Task instructions – Would you write out every record that follows exactly, with the pictures left out?

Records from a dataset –

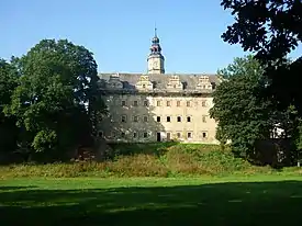 The Castle has historical associations with Cardinal Ernst Adalbert of Harrach (1598–1667), the bishop of Trent, who in his Italian diaries for 1663–1664 refers to Grafenort alternately as Arnsdorff, Arnßdorff, or Arnßdorf,[3] and the composer Ignaz Reimann (1820–1885; buried at the nearby Krosnowice).[4] The poet and actor Karl von Holtei (1798–1880) who began his career as an actor at Grafenort Castle mentions it repeatedly in his pleasantly amusing, light-hearted biography, Vierzig Jahre ("Forty Years").[5] He says he spent thirty years of his life in the Castle; on a return visit he muses about the rooms
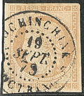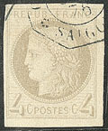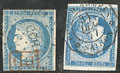 1705 "COCHINCHINE. Précurseurs. CG 36 obl cad Rachjia" et 38 obl Saïgon central en bleu. - TB (cote Yvert)"" 2 520€ 130€ vendu
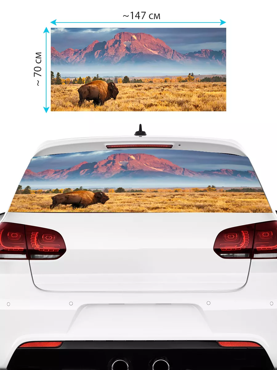 Стильная наклейка на заднее стекло автомобиля с изображением горного пейзажа позволяет придать машине выразительный облик и одновременно сохранить приватность за счёт тонировки без использования стекла.
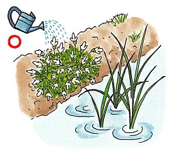 ポットで育苗してから花壇に植えると、活着がよくなります。サギゴケは田んぼの畔などに自生するため、やや湿地のグランドカバーの素材としても優れています。植え場所は、やや湿り気のある場所を選びましょう。
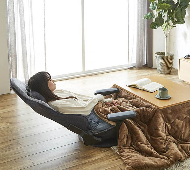 最近はお仕事用のイスとしても定番化したゲーミングチェア。それをローテーブルやコタツでも利用できるよう座椅子化してしまった斬新アイテム。座面は360度回転でき、リクライニング機能も搭載!

Output for this task –
 The Castle has historical associations with Cardinal Ernst Adalbert of Harrach (1598–1667), the bishop of Trent, who in his Italian diaries for 1663–1664 refers to Grafenort alternately as Arnsdorff, Arnßdorff, or Arnßdorf,[3] and the composer Ignaz Reimann (1820–1885; buried at the nearby Krosnowice).[4] The poet and actor Karl von Holtei (1798–1880) who began his career as an actor at Grafenort Castle mentions it repeatedly in his pleasantly amusing, light-hearted biography, Vierzig Jahre ("Forty Years").[5] He says he spent thirty years of his life in the Castle; on a return visit he muses about the rooms
 1705 "COCHINCHINE. Précurseurs. CG 36 obl cad Rachjia" et 38 obl Saïgon central en bleu. - TB (cote Yvert)"" 2 520€ 130€ vendu
 Стильная наклейка на заднее стекло автомобиля с изображением горного пейзажа позволяет придать машине выразительный облик и одновременно сохранить приватность за счёт тонировки без использования стекла.
 ポットで育苗してから花壇に植えると、活着がよくなります。サギゴケは田んぼの畔などに自生するため、やや湿地のグランドカバーの素材としても優れています。植え場所は、やや湿り気のある場所を選びましょう。
 最近はお仕事用のイスとしても定番化したゲーミングチェア。それをローテーブルやコタツでも利用できるよう座椅子化してしまった斬新アイテム。座面は360度回転でき、リクライニング機能も搭載!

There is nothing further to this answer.